Он набросил твидовый сюртук, натянул простые сапоги и отправился прочь по дороге. Дэнди выругалась ему в спину.
– Ну да, сбегай, когда надо поработать, – тихо сказала она. – Оставь двух девчонок и сына, пусть вкалывают.
Она взглянула на меня.
– Чем больше он получает денег, тем ненасытнее и ленивее делается, – сказала она.
– Он стал получать больше денег? – спросила я.

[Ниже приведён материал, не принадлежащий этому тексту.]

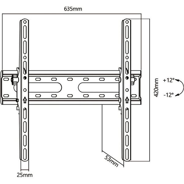 Διαστάσεις VESA: έως 600x400 χιλ. Συμβατά μεγέθη οθόνης: 32 έως 80 ίντσες / 81,28 έως 203,2 cm. Μέγιστο φορτίο: 45 κιλά. Απόσταση από τον τοίχο: 5,3 εκατοστά. Οριζόντια ρύθμιση: - Κάθετη ρύθμιση: +-12 μοίρες γωνία. Στοιχεία: 2. Βραχίονες: - Χρώμα: Μαύρο. Υλικό: Μέταλλο. Διαστάσεις συσκευασίας: Π: 65 cm, Υ: 11 cm, Β: 5 cm. Κωδικός Κατασκευαστή: JL42808 / ELB-3280/TILT. Συσκευασία: Giftbox. Εγγύηση: 2 Χρόνια. DOA 7 ημερών

Я не заметила особых изменений, но Дэнди, стоявшая у ворот, как и Роберт, знала, что кошель становится тяжелее.
– Да, – коротко ответила она. – Каждый день получает шиллинги и фунты, а нам платит пенни. Эй, Джек! – внезапно крикнула она. – Сколько отец тебе платит?
Джек складывал костюмы и бережно убирал их в большой деревянный с железными полосами сундук, которому предстояло занять место под одной из коек. Реквизит, седла и кормушки привязывали к крыше фургона или вешали по бокам.
Джек посмотрел на Дэнди.
– А зачем тебе? – с подозрением спросил он.
– Так, любопытно, – ответила Дэнди.
Она вытащила шкворни, скреплявшие задник, и отцепила одну створку.
– Дела-то у него идут неплохо, да? – сказала она. – В смысле денег. И на будущий год он затевает новое представление. На нем можно будет много выручить, а?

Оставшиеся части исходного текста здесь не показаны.